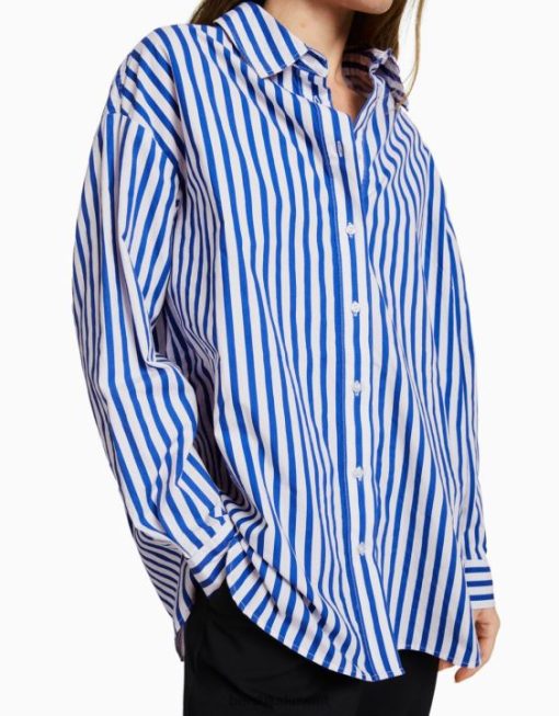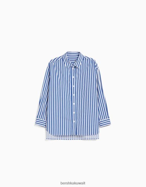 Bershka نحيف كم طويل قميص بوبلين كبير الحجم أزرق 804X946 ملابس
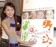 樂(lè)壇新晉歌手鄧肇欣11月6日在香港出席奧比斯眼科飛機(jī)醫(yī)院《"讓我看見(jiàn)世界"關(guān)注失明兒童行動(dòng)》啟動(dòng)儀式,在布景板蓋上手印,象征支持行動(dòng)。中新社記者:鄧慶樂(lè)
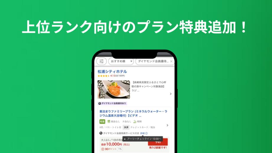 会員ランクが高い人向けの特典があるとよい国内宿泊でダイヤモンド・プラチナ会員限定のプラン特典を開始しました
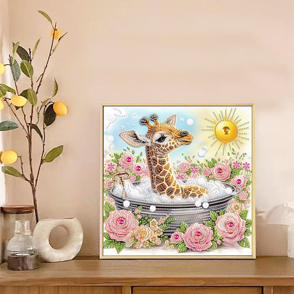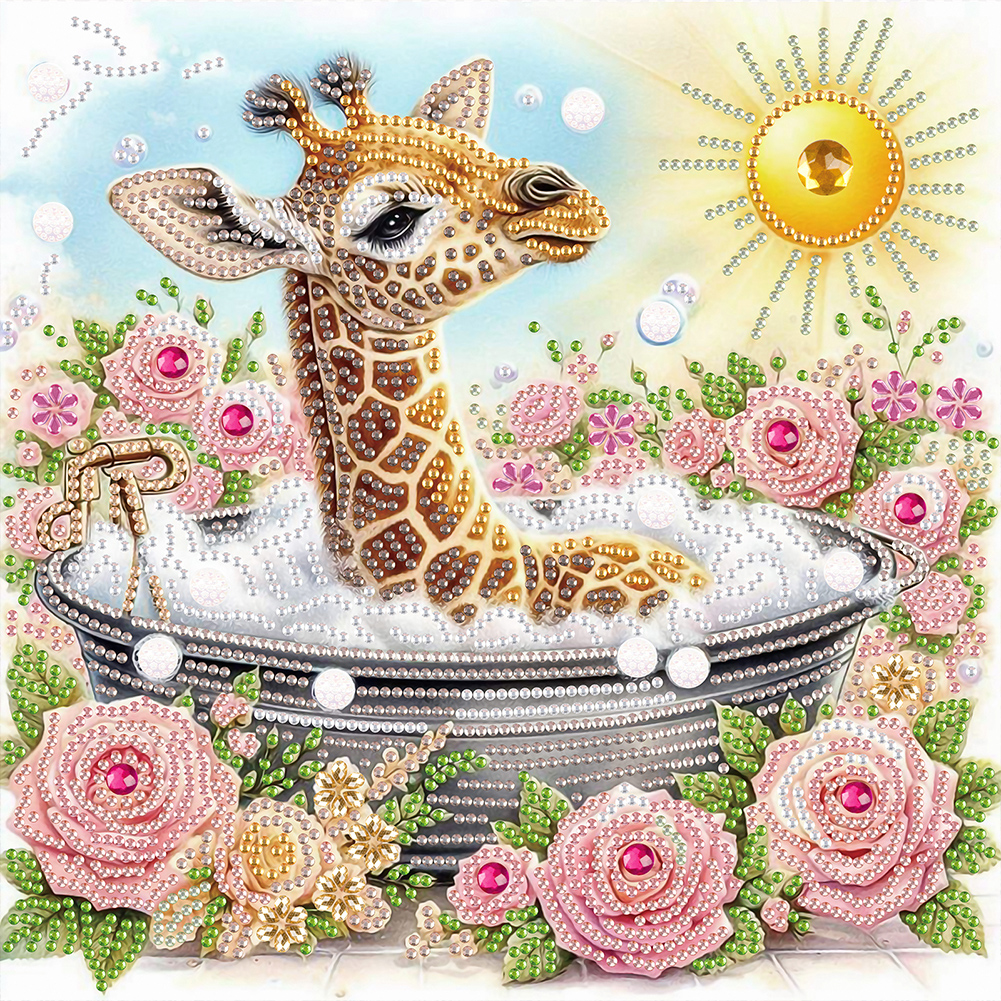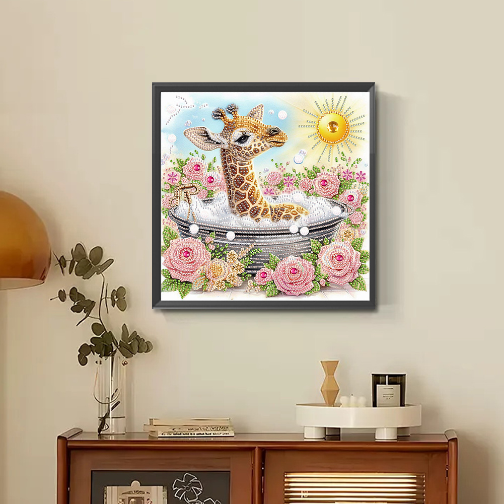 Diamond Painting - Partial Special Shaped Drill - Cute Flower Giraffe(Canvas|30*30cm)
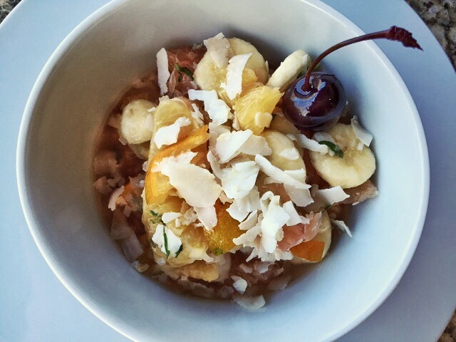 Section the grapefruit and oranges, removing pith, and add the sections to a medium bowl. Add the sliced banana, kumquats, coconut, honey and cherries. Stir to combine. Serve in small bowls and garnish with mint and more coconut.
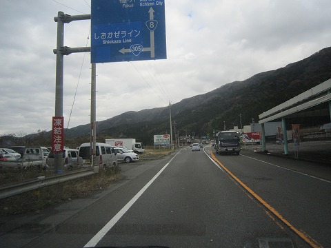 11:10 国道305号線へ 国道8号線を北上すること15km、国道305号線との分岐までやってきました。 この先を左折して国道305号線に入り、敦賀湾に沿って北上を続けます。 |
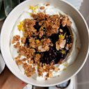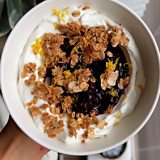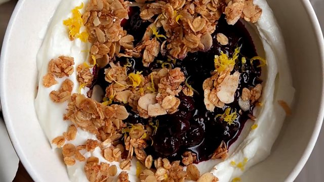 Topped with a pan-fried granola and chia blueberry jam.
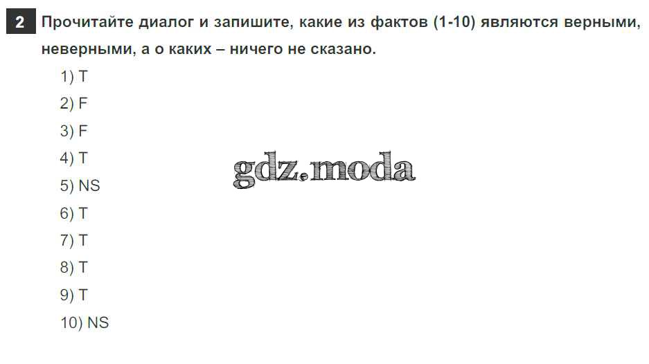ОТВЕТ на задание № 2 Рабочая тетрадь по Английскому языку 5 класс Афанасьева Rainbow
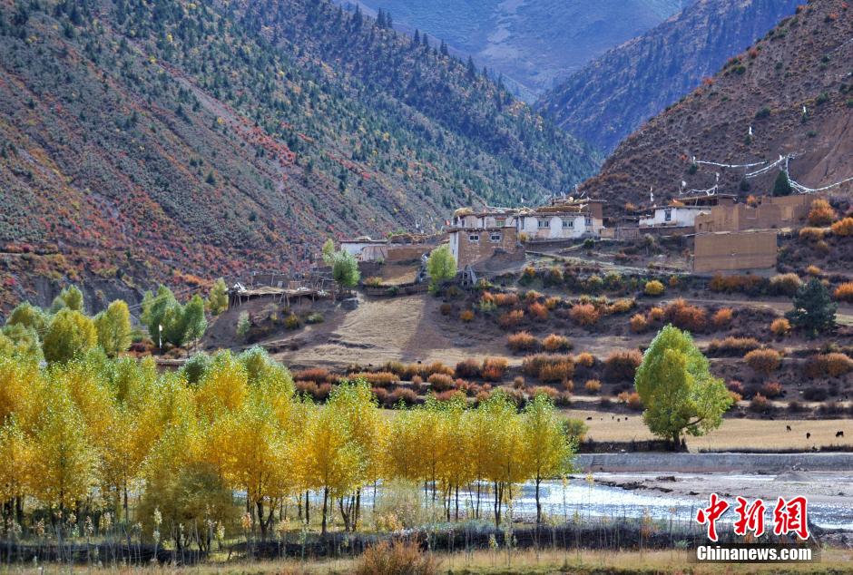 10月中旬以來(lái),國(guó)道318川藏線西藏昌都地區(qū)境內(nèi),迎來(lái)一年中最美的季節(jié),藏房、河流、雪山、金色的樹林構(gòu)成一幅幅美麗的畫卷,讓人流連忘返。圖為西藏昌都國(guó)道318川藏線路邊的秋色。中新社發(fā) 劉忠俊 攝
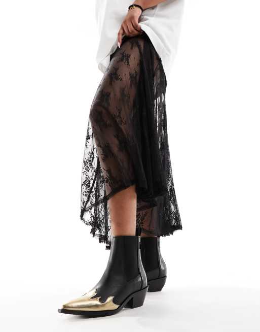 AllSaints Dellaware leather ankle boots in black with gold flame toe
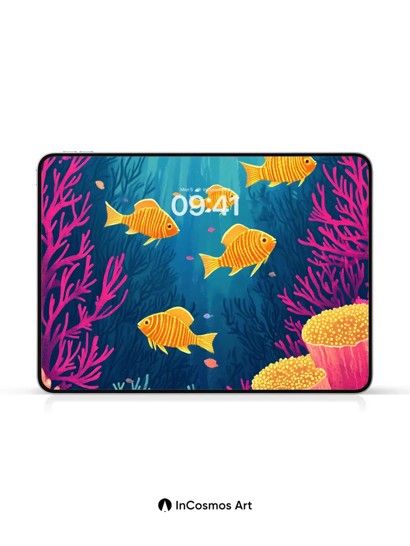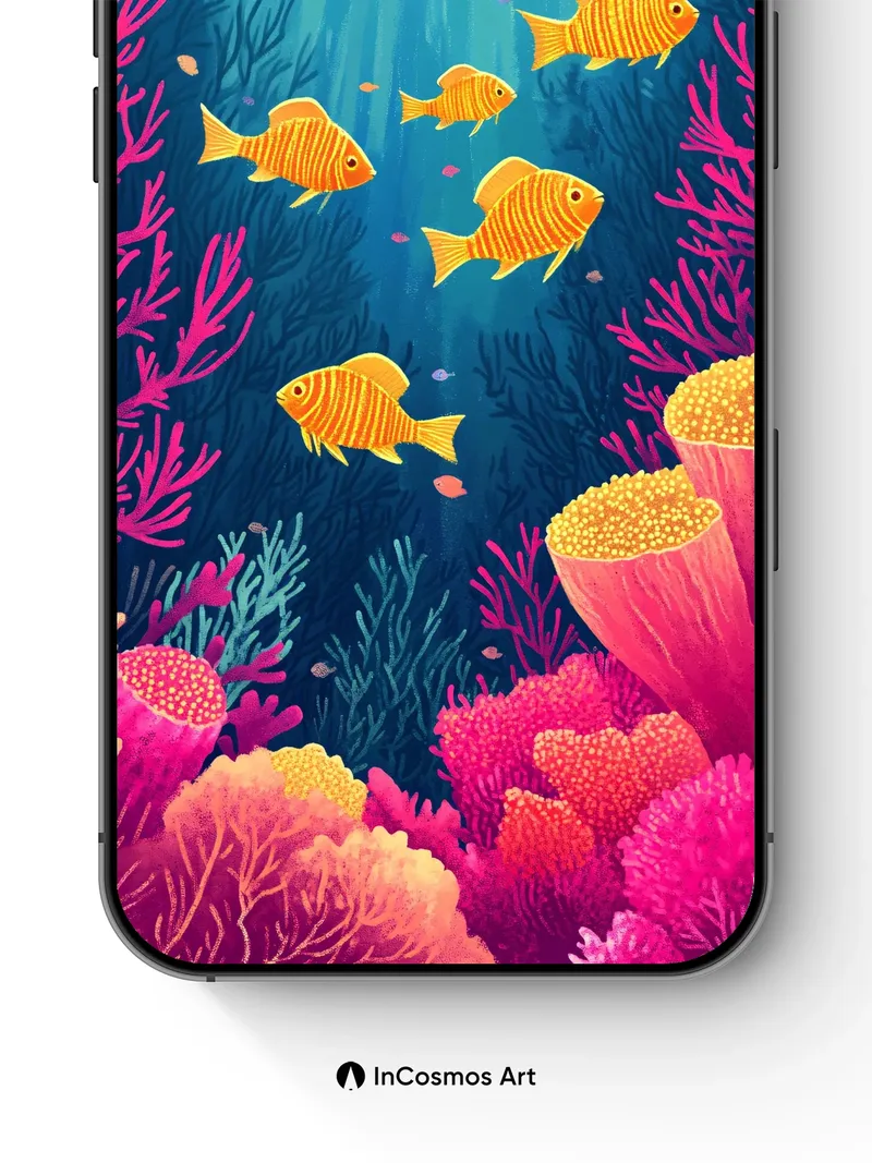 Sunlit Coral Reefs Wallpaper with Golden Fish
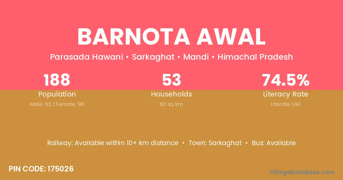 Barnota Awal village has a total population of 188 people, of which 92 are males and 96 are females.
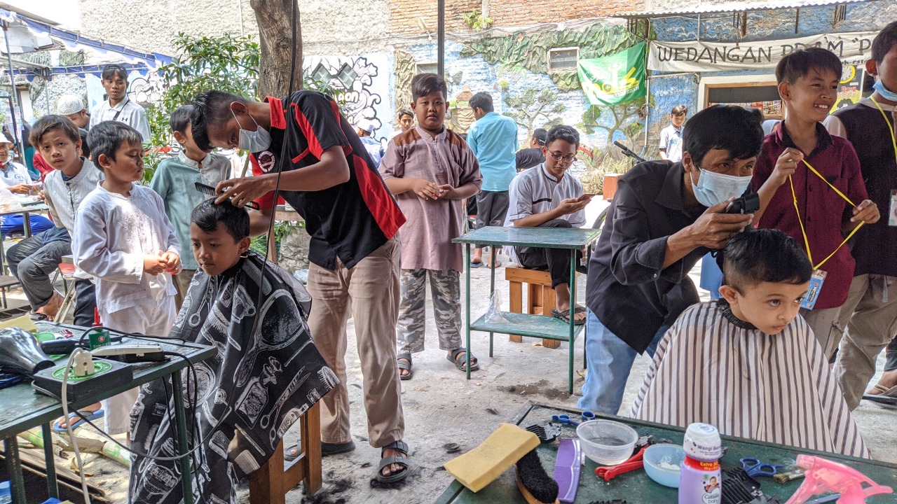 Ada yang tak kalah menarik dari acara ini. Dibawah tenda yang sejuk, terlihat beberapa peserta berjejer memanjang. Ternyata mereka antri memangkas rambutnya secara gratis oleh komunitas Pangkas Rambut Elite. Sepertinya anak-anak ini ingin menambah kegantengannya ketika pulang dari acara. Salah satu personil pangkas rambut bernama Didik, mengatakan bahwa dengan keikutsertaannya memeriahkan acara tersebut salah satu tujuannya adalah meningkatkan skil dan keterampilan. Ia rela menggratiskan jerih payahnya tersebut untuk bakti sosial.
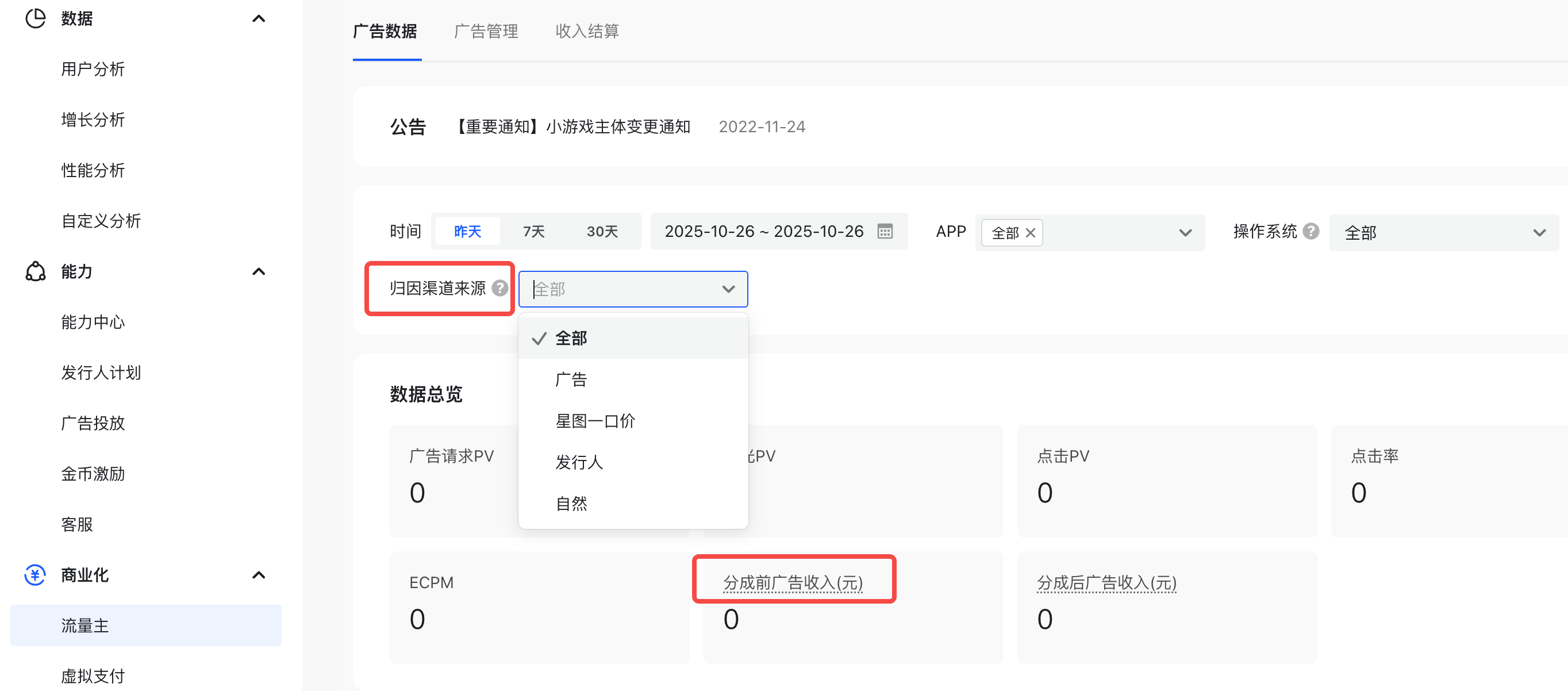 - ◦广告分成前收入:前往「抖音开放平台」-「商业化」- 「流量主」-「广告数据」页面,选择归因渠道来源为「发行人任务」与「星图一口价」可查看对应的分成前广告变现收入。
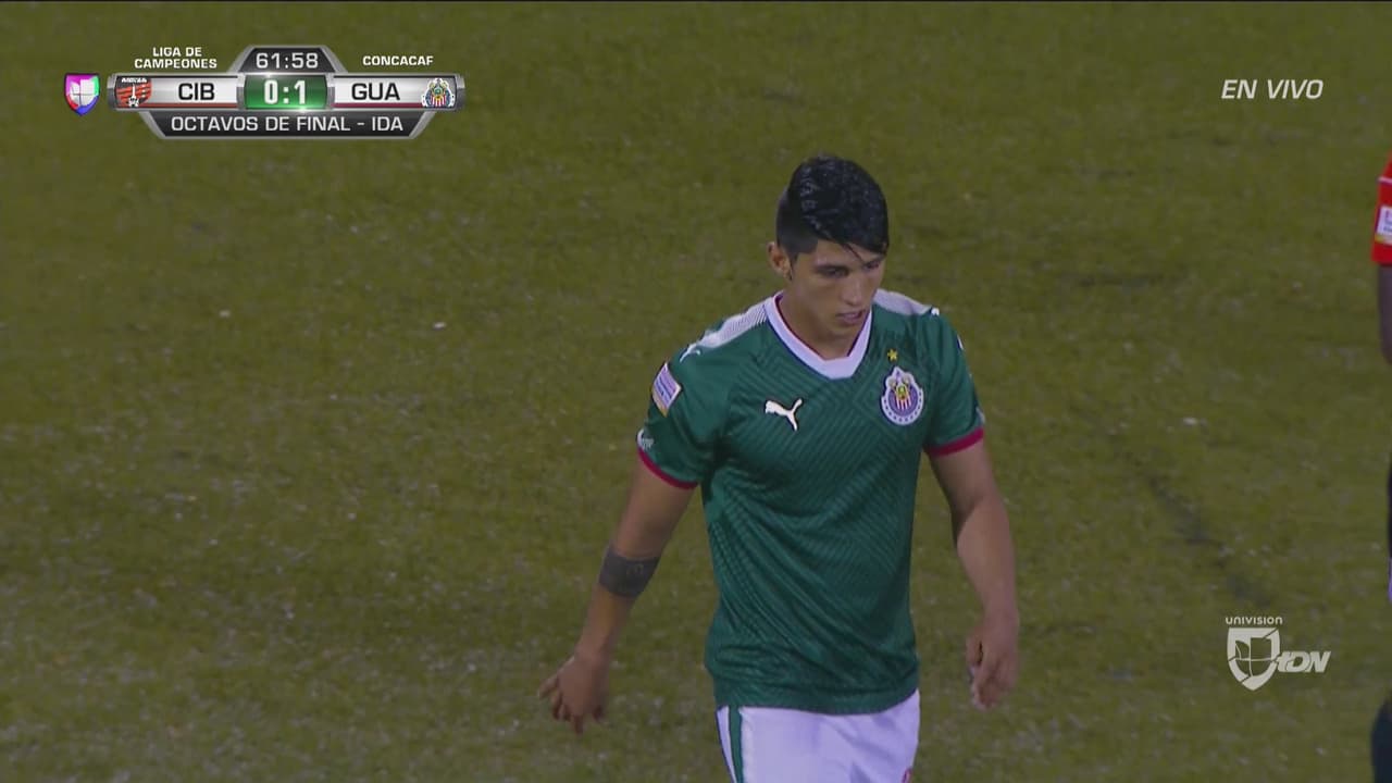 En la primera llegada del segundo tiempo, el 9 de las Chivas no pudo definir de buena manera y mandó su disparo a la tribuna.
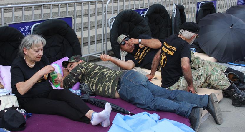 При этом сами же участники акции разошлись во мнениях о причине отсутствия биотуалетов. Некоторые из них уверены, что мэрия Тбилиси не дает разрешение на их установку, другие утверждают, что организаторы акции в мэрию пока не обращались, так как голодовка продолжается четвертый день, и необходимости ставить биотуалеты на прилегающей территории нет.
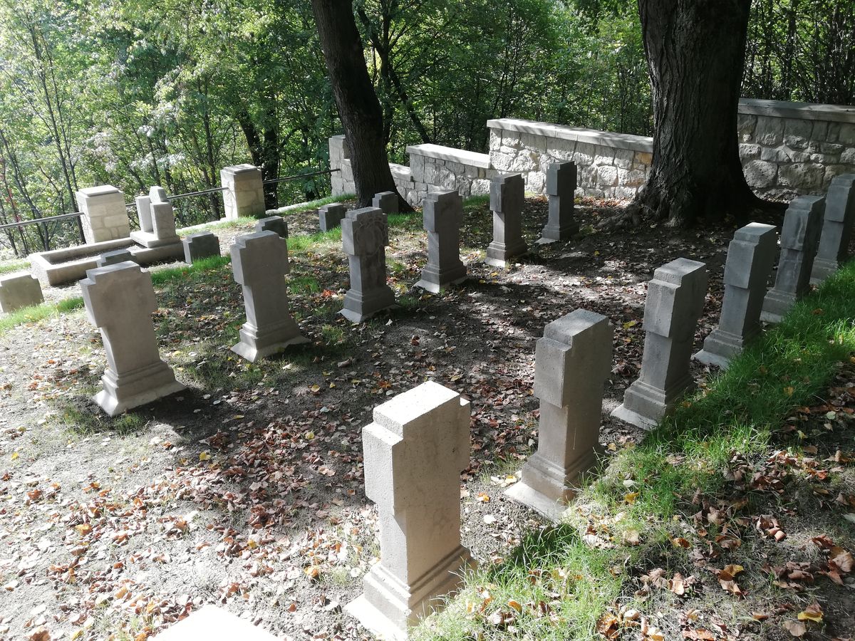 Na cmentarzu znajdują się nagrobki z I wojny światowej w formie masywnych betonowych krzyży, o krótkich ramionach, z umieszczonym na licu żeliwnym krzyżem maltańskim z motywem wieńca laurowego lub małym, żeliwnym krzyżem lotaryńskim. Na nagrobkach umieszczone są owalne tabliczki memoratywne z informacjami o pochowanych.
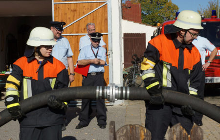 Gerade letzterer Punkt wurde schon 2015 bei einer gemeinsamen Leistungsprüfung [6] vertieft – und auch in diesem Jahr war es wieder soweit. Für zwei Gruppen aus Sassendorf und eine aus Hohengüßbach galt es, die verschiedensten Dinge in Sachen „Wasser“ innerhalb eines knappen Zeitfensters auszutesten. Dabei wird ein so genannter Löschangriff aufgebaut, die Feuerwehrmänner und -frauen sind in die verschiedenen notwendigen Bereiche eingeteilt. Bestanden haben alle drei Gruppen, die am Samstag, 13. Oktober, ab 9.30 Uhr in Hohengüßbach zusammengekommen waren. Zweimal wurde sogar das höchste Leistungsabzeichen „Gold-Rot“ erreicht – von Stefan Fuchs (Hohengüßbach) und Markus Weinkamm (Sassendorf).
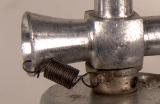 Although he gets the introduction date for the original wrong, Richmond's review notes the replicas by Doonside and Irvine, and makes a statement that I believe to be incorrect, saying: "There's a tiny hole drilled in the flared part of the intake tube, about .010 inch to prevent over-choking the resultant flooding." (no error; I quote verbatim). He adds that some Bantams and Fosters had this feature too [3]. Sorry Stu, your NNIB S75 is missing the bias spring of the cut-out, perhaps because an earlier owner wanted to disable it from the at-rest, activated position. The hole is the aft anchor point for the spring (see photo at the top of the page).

__________

▶ _TASK STATEMENT_
If the data includes images, omit them, and set down everything else exactly as above.

▶ _OUTPUT OF THE EXERCISE_
 Bershka نحيف كم طويل قميص بوبلين كبير الحجم أزرق 804X946 ملابس
 樂(lè)壇新晉歌手鄧肇欣11月6日在香港出席奧比斯眼科飛機(jī)醫(yī)院《"讓我看見(jiàn)世界"關(guān)注失明兒童行動(dòng)》啟動(dòng)儀式,在布景板蓋上手印,象征支持行動(dòng)。中新社記者:鄧慶樂(lè)
 会員ランクが高い人向けの特典があるとよい国内宿泊でダイヤモンド・プラチナ会員限定のプラン特典を開始しました
 Diamond Painting - Partial Special Shaped Drill - Cute Flower Giraffe(Canvas|30*30cm)
 Section the grapefruit and oranges, removing pith, and add the sections to a medium bowl. Add the sliced banana, kumquats, coconut, honey and cherries. Stir to combine. Serve in small bowls and garnish with mint and more coconut.
 11:10 国道305号線へ 国道8号線を北上すること15km、国道305号線との分岐までやってきました。 この先を左折して国道305号線に入り、敦賀湾に沿って北上を続けます。 |
 Topped with a pan-fried granola and chia blueberry jam.
ОТВЕТ на задание № 2 Рабочая тетрадь по Английскому языку 5 класс Афанасьева Rainbow
 10月中旬以來(lái),國(guó)道318川藏線西藏昌都地區(qū)境內(nèi),迎來(lái)一年中最美的季節(jié),藏房、河流、雪山、金色的樹林構(gòu)成一幅幅美麗的畫卷,讓人流連忘返。圖為西藏昌都國(guó)道318川藏線路邊的秋色。中新社發(fā) 劉忠俊 攝
 AllSaints Dellaware leather ankle boots in black with gold flame toe
 Sunlit Coral Reefs Wallpaper with Golden Fish
 Barnota Awal village has a total population of 188 people, of which 92 are males and 96 are females.
 Ada yang tak kalah menarik dari acara ini. Dibawah tenda yang sejuk, terlihat beberapa peserta berjejer memanjang. Ternyata mereka antri memangkas rambutnya secara gratis oleh komunitas Pangkas Rambut Elite. Sepertinya anak-anak ini ingin menambah kegantengannya ketika pulang dari acara. Salah satu personil pangkas rambut bernama Didik, mengatakan bahwa dengan keikutsertaannya memeriahkan acara tersebut salah satu tujuannya adalah meningkatkan skil dan keterampilan. Ia rela menggratiskan jerih payahnya tersebut untuk bakti sosial.
 - ◦广告分成前收入:前往「抖音开放平台」-「商业化」- 「流量主」-「广告数据」页面,选择归因渠道来源为「发行人任务」与「星图一口价」可查看对应的分成前广告变现收入。
 En la primera llegada del segundo tiempo, el 9 de las Chivas no pudo definir de buena manera y mandó su disparo a la tribuna.
 При этом сами же участники акции разошлись во мнениях о причине отсутствия биотуалетов. Некоторые из них уверены, что мэрия Тбилиси не дает разрешение на их установку, другие утверждают, что организаторы акции в мэрию пока не обращались, так как голодовка продолжается четвертый день, и необходимости ставить биотуалеты на прилегающей территории нет.
 Na cmentarzu znajdują się nagrobki z I wojny światowej w formie masywnych betonowych krzyży, o krótkich ramionach, z umieszczonym na licu żeliwnym krzyżem maltańskim z motywem wieńca laurowego lub małym, żeliwnym krzyżem lotaryńskim. Na nagrobkach umieszczone są owalne tabliczki memoratywne z informacjami o pochowanych.
 Gerade letzterer Punkt wurde schon 2015 bei einer gemeinsamen Leistungsprüfung [6] vertieft – und auch in diesem Jahr war es wieder soweit. Für zwei Gruppen aus Sassendorf und eine aus Hohengüßbach galt es, die verschiedensten Dinge in Sachen „Wasser“ innerhalb eines knappen Zeitfensters auszutesten. Dabei wird ein so genannter Löschangriff aufgebaut, die Feuerwehrmänner und -frauen sind in die verschiedenen notwendigen Bereiche eingeteilt. Bestanden haben alle drei Gruppen, die am Samstag, 13. Oktober, ab 9.30 Uhr in Hohengüßbach zusammengekommen waren. Zweimal wurde sogar das höchste Leistungsabzeichen „Gold-Rot“ erreicht – von Stefan Fuchs (Hohengüßbach) und Markus Weinkamm (Sassendorf).
 Although he gets the introduction date for the original wrong, Richmond's review notes the replicas by Doonside and Irvine, and makes a statement that I believe to be incorrect, saying: "There's a tiny hole drilled in the flared part of the intake tube, about .010 inch to prevent over-choking the resultant flooding." (no error; I quote verbatim). He adds that some Bantams and Fosters had this feature too [3]. Sorry Stu, your NNIB S75 is missing the bias spring of the cut-out, perhaps because an earlier owner wanted to disable it from the at-rest, activated position. The hole is the aft anchor point for the spring (see photo at the top of the page).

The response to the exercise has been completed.